@mcmxi : This post is an aside from the main topic and related to your previous post:
I learned long ago no matter how good a machine or tool is, if it breaks and you can't get parts for it the whole thing is (usually) a write-off. If I buy a $30K Chinese machine instead of a $40K Japanese machine and 10 years from now a critical part is No Longer Available the whole $30K investment is now worth scrap value and at that point I'm faced with buying a now $80K machine (or no longer having that machine). If that machine is for business use and is expected to last 7 years and parts are available for 10 years that's well and fine, but if it's a buy-once/cry-once lifetime purchase that really sucks when it becomes a landscape feature you have to pay to get rid of.

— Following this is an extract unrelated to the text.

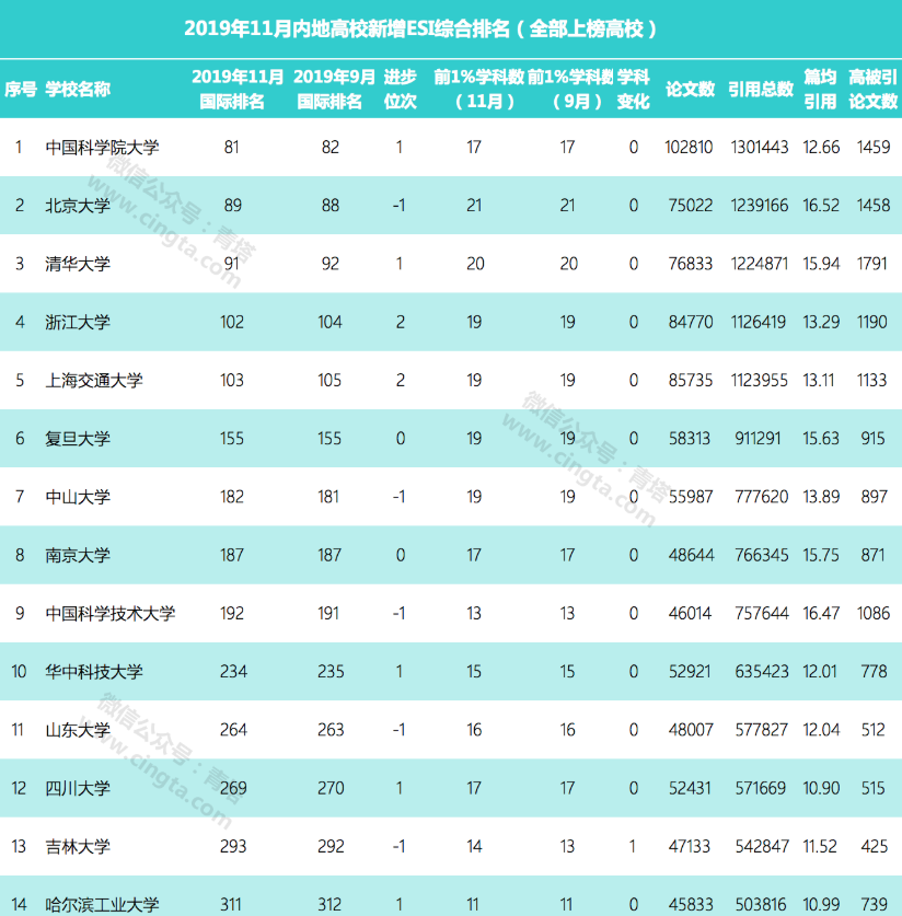 11月15日,ESI數據庫更新了2019年11月最新ESI數據,這也是2019年最后一期的ESI數據。據統(tǒng)計,全球共有6214家科研機構上榜。本期青塔整理了2019年11月ESI最新數據中國內地高校綜...
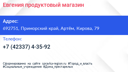 Евгения, продуктовый магазин по адресу 692751, Приморский край, Артём, Кирова, 79 в дальнейшем Организация, размещена в следующих категориях:

This happens even with name brands when a standard changes. Say a mainstream flail mower manufacturer switches to a standardized flail and flails for your older mower are phased out, your whole mower is going to become less useful as flails break. Or as happened to me a major chainsaw manufacturer standardized on 3/8" chain and dropped 1/4" chain, the $1,000 saw powerheads no longer have a source of consumables. Or a major battery powered tools manufacturer changes from NiCd to Lithium and the NiCd batteries are NLA, the expensive multi-bay chargers are useless and the power tools require clunky plastic eBay adapters--not so handy now. The manufacturers could have made these things compatible, but didn't, and the consumer pays the price.
As attractive as Chinese brands are their governmental system doesn't lend itself to long-term company/brand stability, so all politics aside five to seven years from now a broken machine is likely and unfixable machine and for me that's not a good investment.